Confirm that Elastic Cloud Enterprise is now also able to check the Zookeeper status and make changes.

[followers] Restart the Docker Zookeeper, Director, and Runner containers:

		docker restart frc-zookeeper-servers-zookeeper
docker restart frc-directors-director
docker restart frc-runners-runner
		
	

Verify that the Zookeeper sync status reports an odd number for zk_quorum_size and that no Zookeeper hosts are marked as lost.

Recover the Zookeeper follower

Zookeeper followers can sometimes refuse a [leader] election or become state corrupted. The following steps can be used to recover a broken or corrupted Zookeeper [follower]. These steps should only be considered after confirming a Zookeeper leader, as the [follower] will be reset to copy the state from [leader].

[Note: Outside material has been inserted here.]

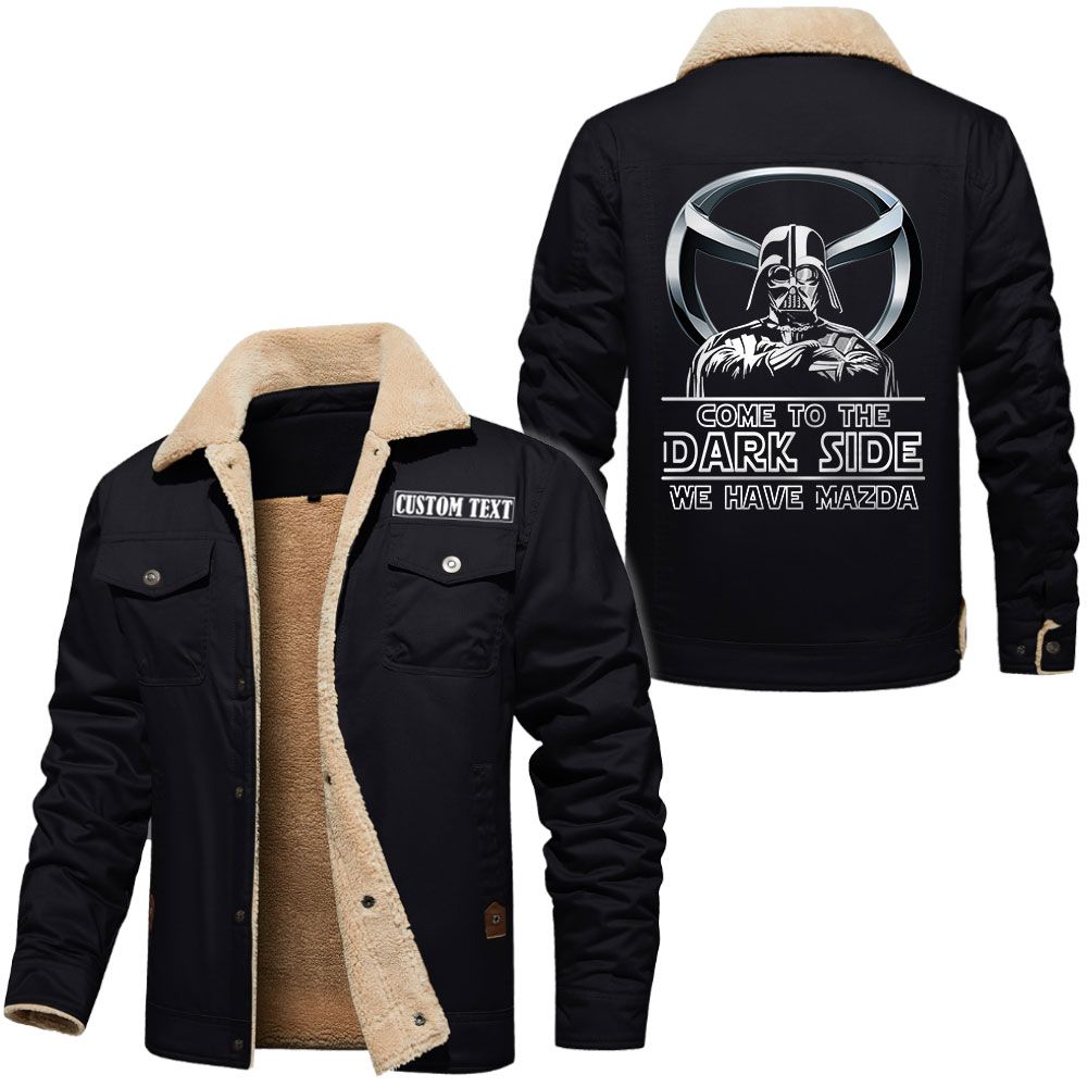 Mazda Logo Custom Name Cargo Fleece Lined Cotton Jacket Personalized Outerwear with Dark Side Star Wars Design

On the [follower], do the following:

Get the director host’s Zookeeper /data directory path:

		docker inspect --format '{{ range .Mounts }}{{ .Source }} {{ end }}' frc-zookeeper-servers-zookeeper | grep --color=auto \"zookeeper/data\"
		
	

Stop the Docker Runner and Zookeeper containers:

		docker stop frc-runners-runner
docker stop frc-zookeeper-servers-zookeeper

Under the determined /data directory, remove the sub-directory data/version-NUMBER, replacing the NUMBER placeholder.
```
/mnt/data/elastic/MY_IP/services/zookeeper/data$ rm -R ./version-NUMBER/
		
```
Make sure that myid file exists and is retained.
Start the Runner container, which will auto-start the Docker Zookeeper container.
```
docker start frc-runners-runner
		
```
Wait a few minutes for Zookeeper states to sync. Then check the Zookeeper sync status to confirm the following:
- zk_server_state follower
- zk_outstanding_requests 0
Confirm that the [leader] recognizes the added [follower] by checking the Zookeeper sync status for an incremented zk_synced_followers count.